Polarbröd is building the sustainable bakery of the future

When Polarbröd began building its new bakery in Älvsbyn after the fire last year, they had three important criteria for production: it must be efficient, sustainable and flexible. Through its participation in the research project RaSP, Polarbröd wants to find smart methods to achieve its goals.

Although just over a year has passed since the bakery in Älvsbyn burned down, the first loaves of bread have already been baked in the new bakery.

– “It wouldn’t have been strange if we’d only started rebuilding around Christmas this year,” says Gunnar Eklund, Director of Production at Polarbröd. “But by carrying out the reconstruction in stages, we were able to get started much faster. An advantage was that we had just built a completely new, optimal production line that was set to be inaugurated the day after the fire. So, we basically ‘copied and pasted’ to get the first line started and hired the same contractors as before.”

Certain modifications were made immediately, however, particularly in relation to fire safety. This also applied to the bakery in Bredbyn, located 420 km away, to which parts of production were redirected immediately after the fire.

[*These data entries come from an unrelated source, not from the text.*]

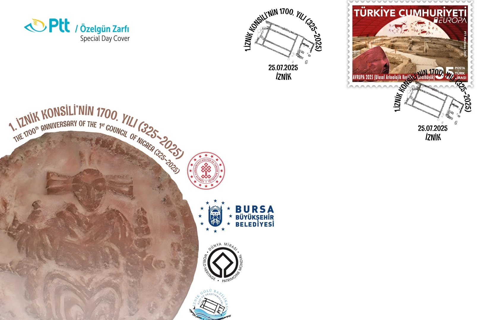 PTT AŞ tarafından “1. İznik Konsili'nin 1700.Yılı” konulu özelgün zarfı 25 Temmuz 2025 tarihinde tedavüle sunuldu.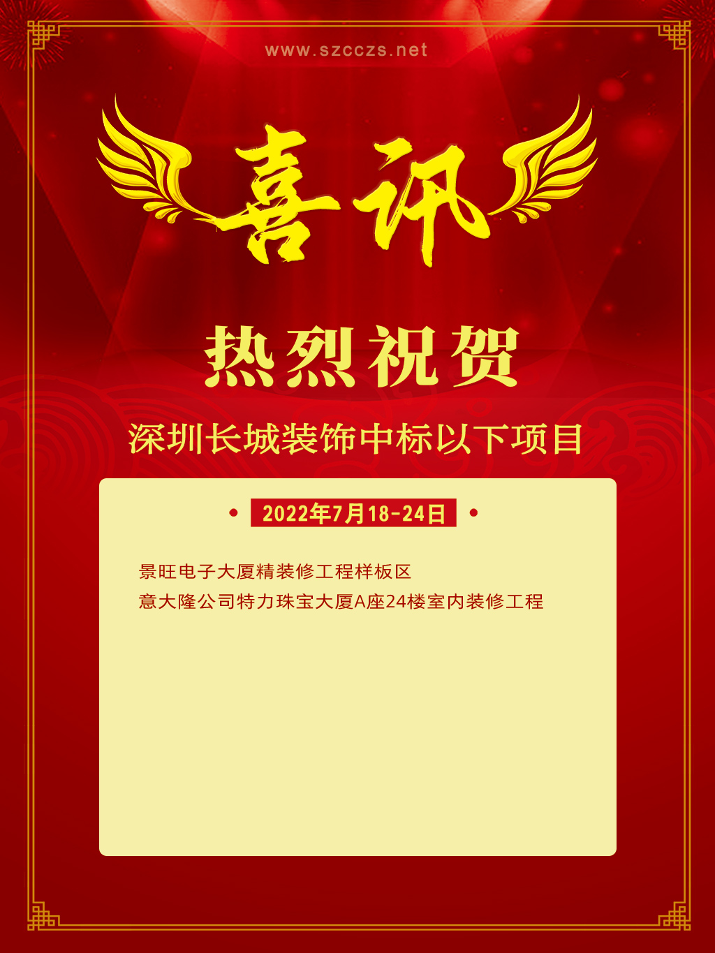 中標(biāo)喜訊 | 7月18~24日長城裝飾集團(tuán)工程中標(biāo)項目
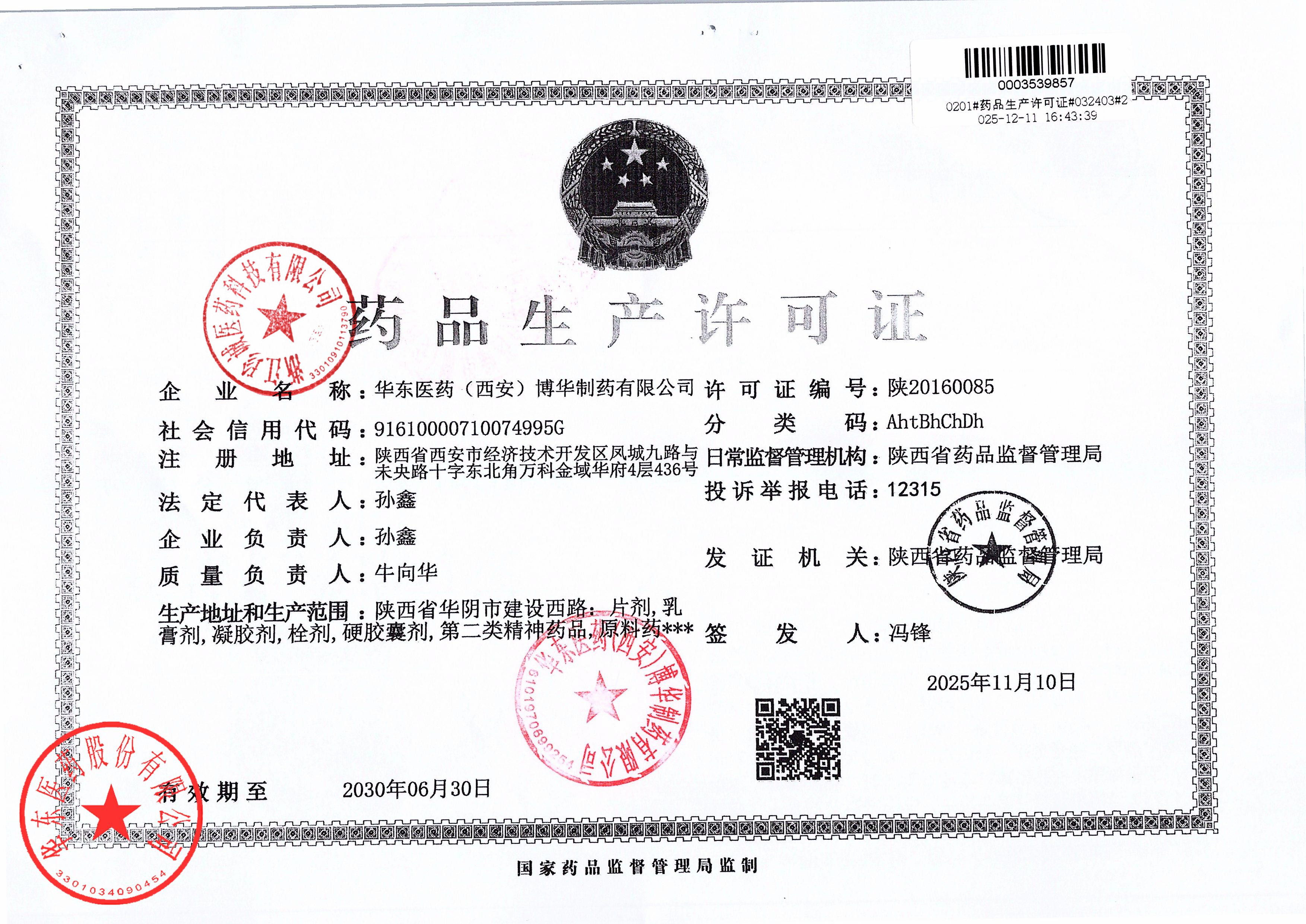 | 4 | Z99003802 | 华东医药(西安)博华制药有限公司 | 许可证 (2).jpg | Feb 28, 2026 1:25:05 PM | 查看下载 | |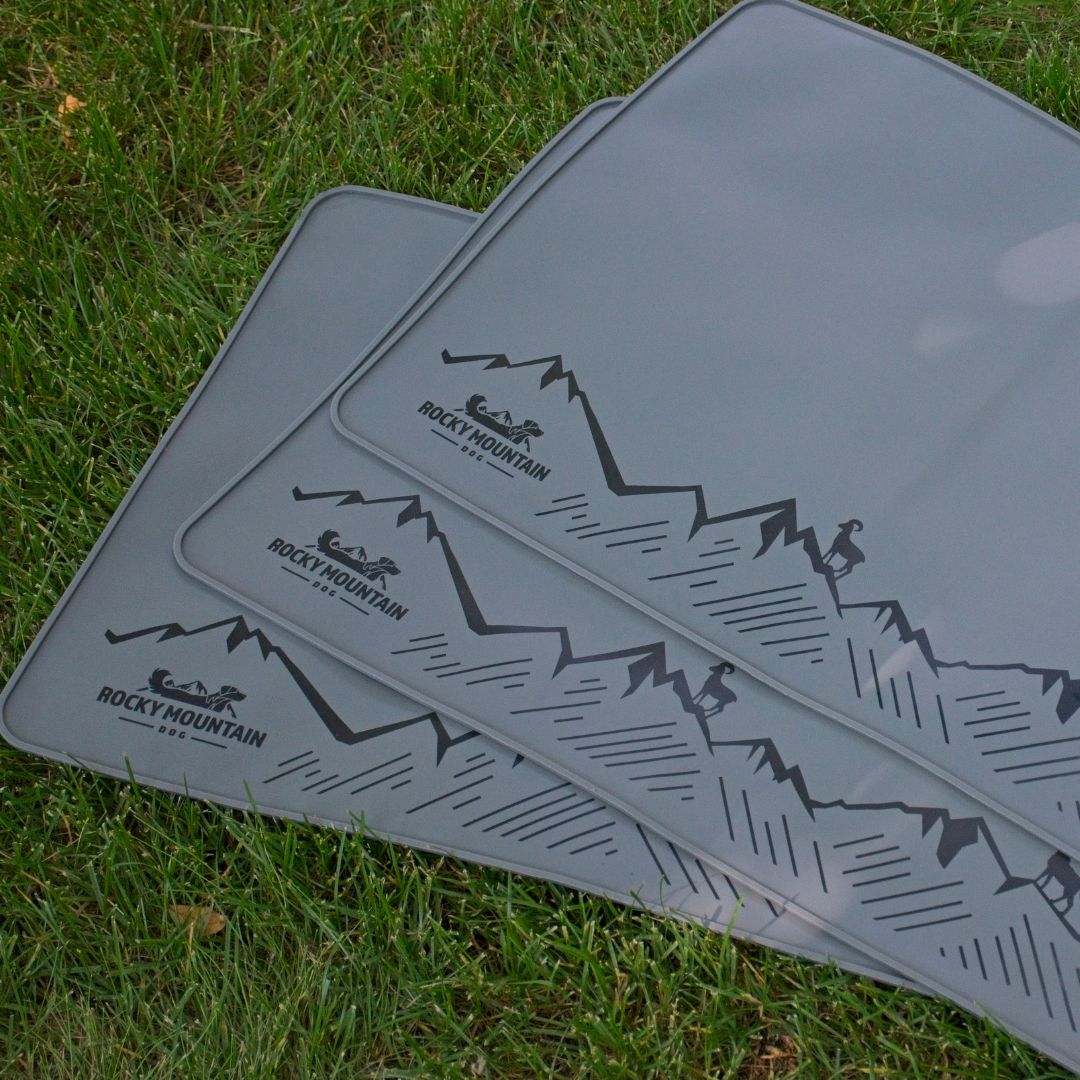The mats match the Rocky Mountain Dog Bowl and can fit both bowls side by side.

– “In a very short time, we invested SEK 83 million there and managed to increase capacity significantly by overhauling and expanding, including a new 1,000-square-metre packaging hall,” says Eklund. “We also invested in new technology and automation, which has made production more flexible. Before, we could essentially only bake certain types of bread in certain places.”

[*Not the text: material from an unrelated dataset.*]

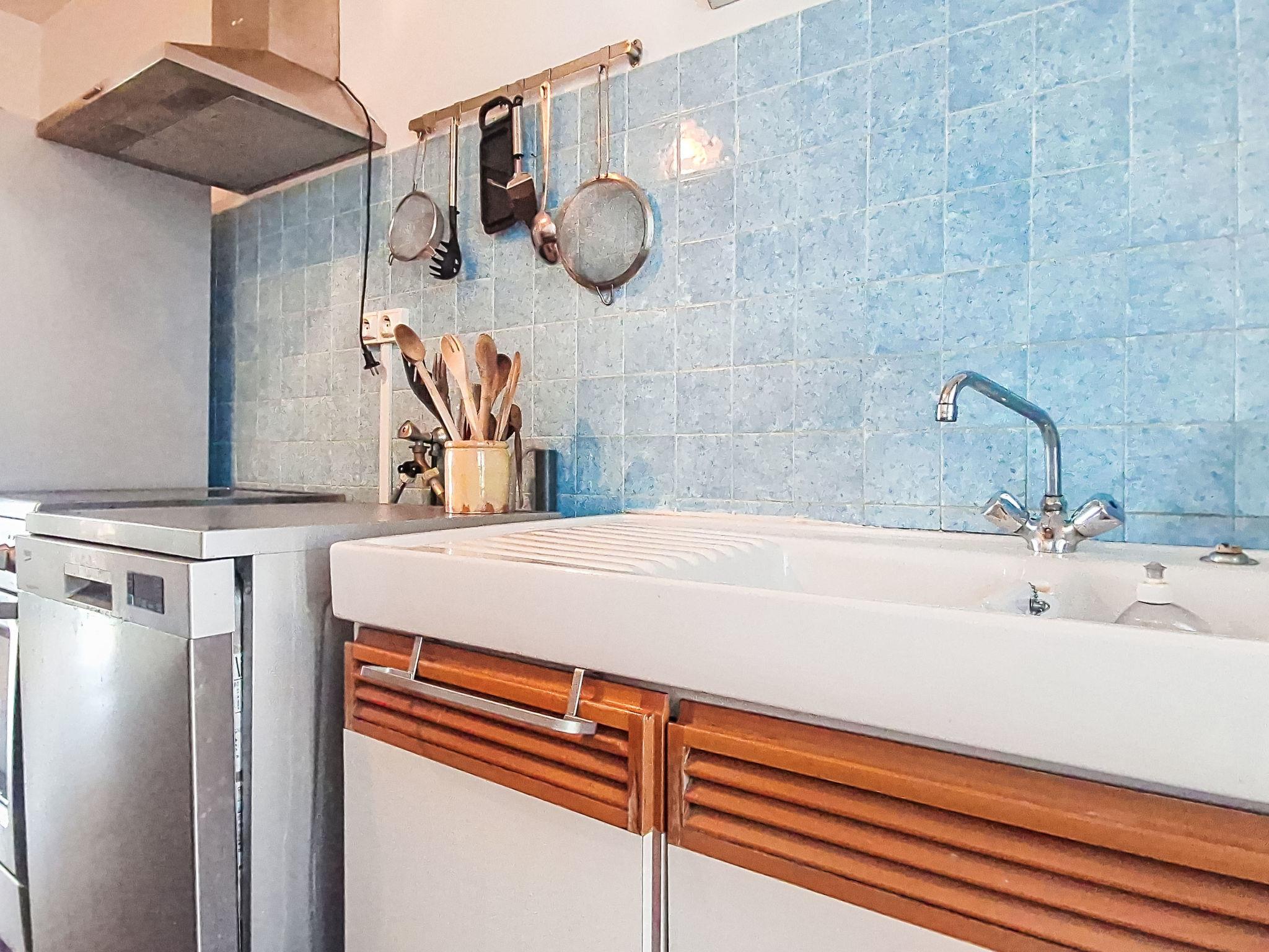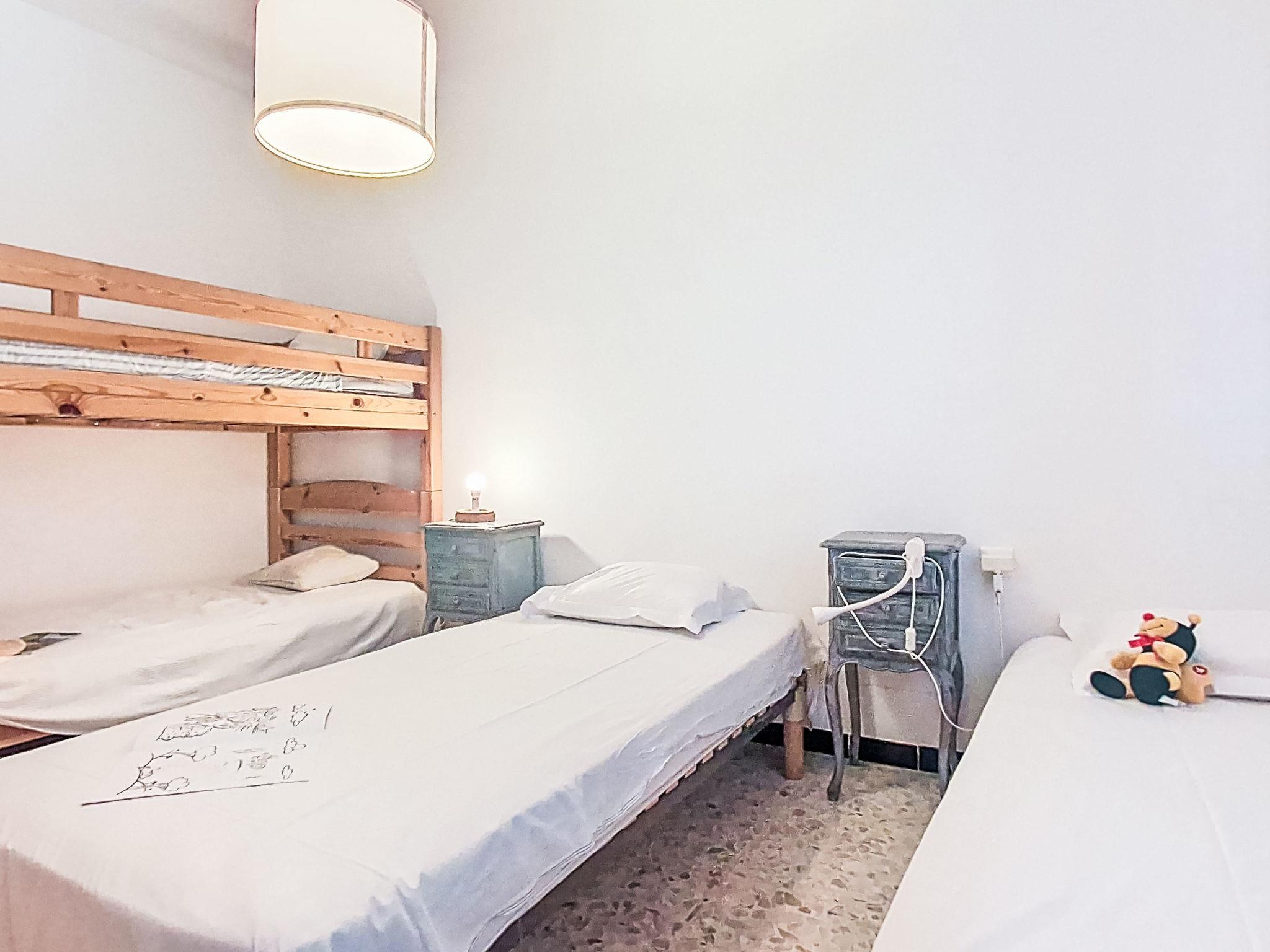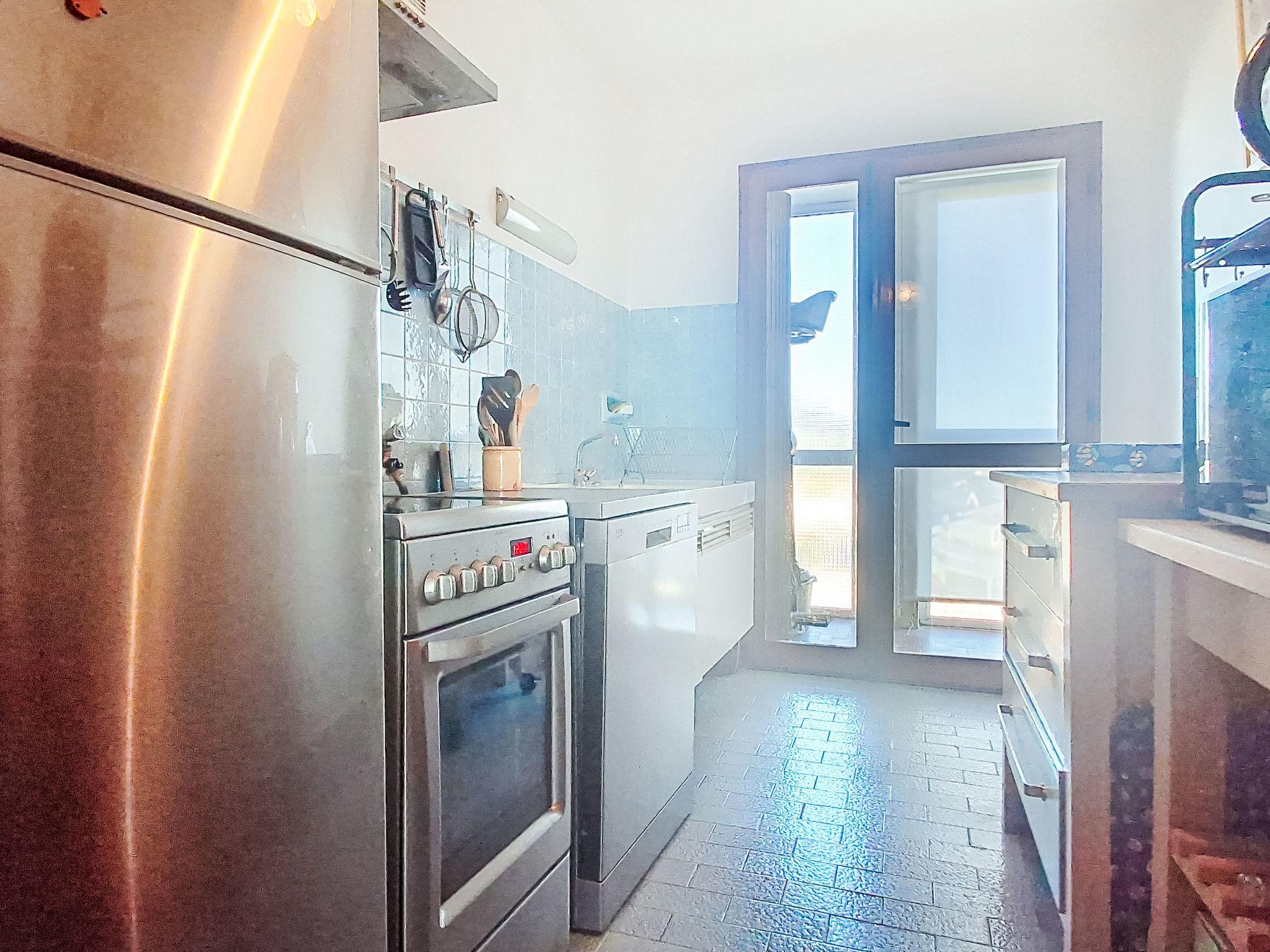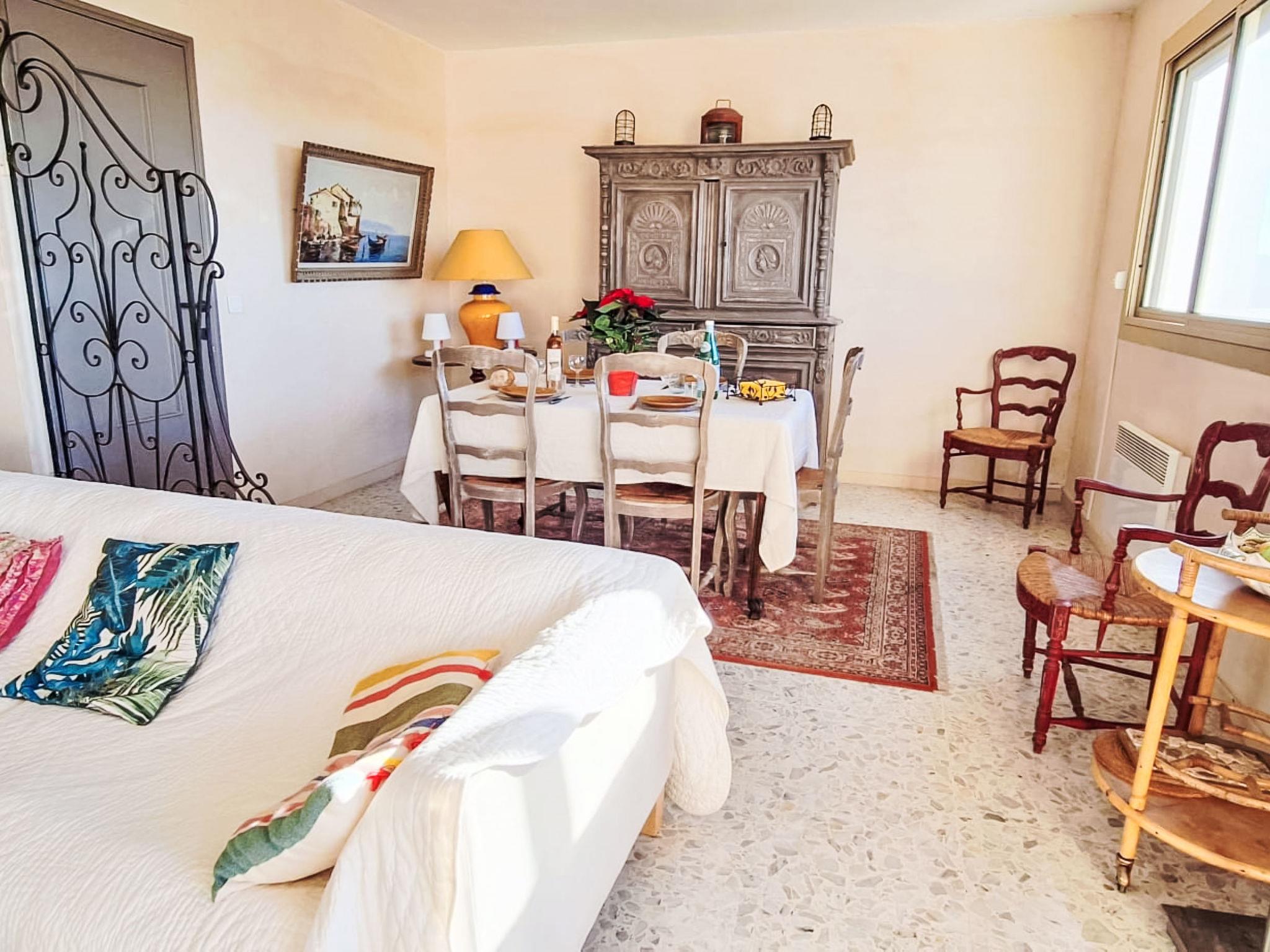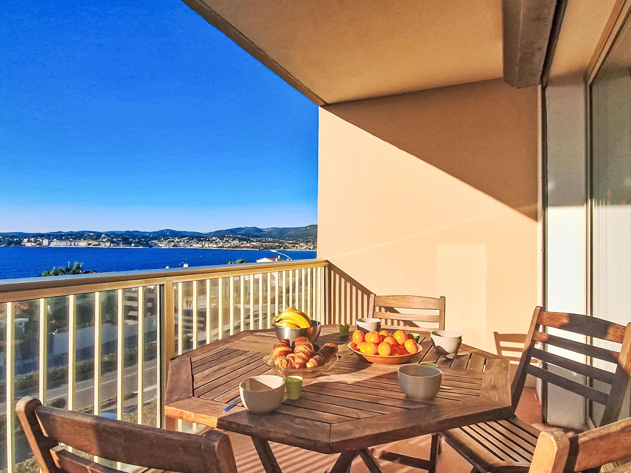 3-room apartment 80 m2 on 3rd floor. Bright, comfortable furnishings: living/dining room with dining table and TV (flat screen). Exit to the terrace. 1 room with 2 beds (80 cm, length 190 cm), fan. 1 room with 1 french bed (160 cm, length 200 cm), fan. Kitchen (oven, dishwasher, 1 ceramic glass hob hotplate, 4 gas rings, toaster, kettle, microwave, electric coffee machine). Shower, sep. WC. Electric heating. Terrace 10 m2, roofed and west facing position. Terrace furniture. Very beautiful view of the sea. Facilities: Internet (WiFi, extra). Please note: non-smokers only. TV only FR. Smoke alarm, no lift. Offer by a private individual according to Art. 155, IV of CGI.

Challenging sustainability goals

In 2012, Polarbröd’s owners established new challenging goals regarding sustainability. Among other things, this has led Polarbröd to invest in its own wind turbines, which now produce as much renewable energy as the company uses, as well as in rail transport to reduce fossil emissions during inbound and outbound deliveries. During the first stage of the rebuilding in Älvsbyn, the focus has been on being able to quickly start production again – and to make both bakeries as fireproof as possible. But before the next stage begins, they are also looking to take another step in the area of sustainability.

– “After the fire, we said that we will take the chance to realise a vision we had had for a long time at Polarbröd to collaborate with others and try to make Älvsbyn a centre for sustainable, attractive and resilient food production, while at the same time also helping to expand the entire food industry in Norrbotten,” says Cindy Kite, Sustainability Manager at Polarbröd.

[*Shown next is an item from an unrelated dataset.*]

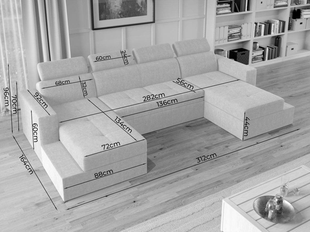Oferta Coltar U Extensibil Paloma reiat Zoom New 15 Descopera Coltar U extensibil Paloma reiat Zoom New 15 ideal pentru a petrece seara cu intreaga familie sau doar pentru a te relaxa citind, vizionand filme sau socializand cu prietenii. Tetierele, pe langa aspectul aparte, au si un mecanism de reglare pe inaltime pentru un confort sporit. Se poate transforma intr-un pat confortabil de 282×125 cm in doar cateva minute. Are spatiu de depozitare generos, fiind prevazut cu 2 lazi de depozitare asezate sub cele doua sezlonguri. Acestea sunt potrivite pentru depozitarea lenjeriei de pat, a pernelor sau a paturii. Livrare gratuita si rapida, 4-10 zile lucratoare cu flota proprie Suntem producatori de tapiterii, fara intermediari Toate piesele de tapiterii au o garantie de 2 ani Sezutul este pe relaxa (arcuri elicoidale si poliuretan) si extensia este din poliuretan . Extensia de tip sertar este pozitionata sub sezutul coltarului. Se deschide ca un sertar, apoi se ridica salteaua din interiorul acestuia. Coltar U Extensibil Paloma reiat Zoom New 15 se incadreaza cu usurinta in majoritatea locuintelor indiferent de stilul acestora. Puteti alege din mai multe culori pentru stofa. Produsele disponibile le puteti vedea aici Modele Coltare U Paloma . Videoclipul contine alta nuanta decat cea de pe pagina produsului, acesta avand ca scop prezentarea familiei pentru a se reda in detaliu aspectul materialului. Dimensiuni Coltar U Extensibil Paloma reiat Zoom New 15 Lungime: 312 cm Latime: 164 cm Lungime intre brate: 282 cm Lungime extins: 282 cm Adancime sezut: 56 cm Adancime sezlon 134 cm Adancime extins: 125 cm, pe partea de canapea Inaltime cu tetiere: 96 cm Inaltime fara tetiere: 70 cm Inaltime sezut: 44 cm Tapiterie Coltar U Extensibil Paloma reiat Zoom New 15 Tapiteria produsului este din stofa reiat vernil – Zoom New 15 . Nuanta acestui produs nu este pretentioasa, mascheaza eventualele evenimente neplacute prin care se poate murdari sau pata si se integreaza perfect in majoritatea locuintelor. Atentie: Pretul afisat nu include alte accesorii sau obiecte de decor. Taburetele, pernele deco si draperiile se pot achizitiona optional. Intretinere: se recomanda ca praful sa se stearga cu un material textil moale (finet) umed si sa nu se curete cu agenti chimici (diluant, acetona). Imaginile sunt cu titlu de prezentare si pot avea mici diferente de nuante in functie de display. Dimensiunile sunt exprimate în centimetri și pot oscila între ± 50 mm. DESCARCA SCHITA DE MONTAJ

The initiative, called CHARM, received funding from Region Norrbotten, Sparbanken Nord and Älvsbyn municipality and began with a series of workshops that led to contact with researchers at Luleå University of Technology, RISE and Jönköping University of Technology. As a result, the research project RaSP (Resilient and Sustainable Production) was launched together with two other companies who were about to invest in new facilities (greenfield) and overhaul existing facilities (brownfield), as well as an automation and design company.

–  “By collaborating with researchers, we can get help with questions about how we can build sustainably, efficiently and flexibly,” explains Kite. “At the same time, we are establishing networks with companies that face similar challenges and can learn from and help each other.”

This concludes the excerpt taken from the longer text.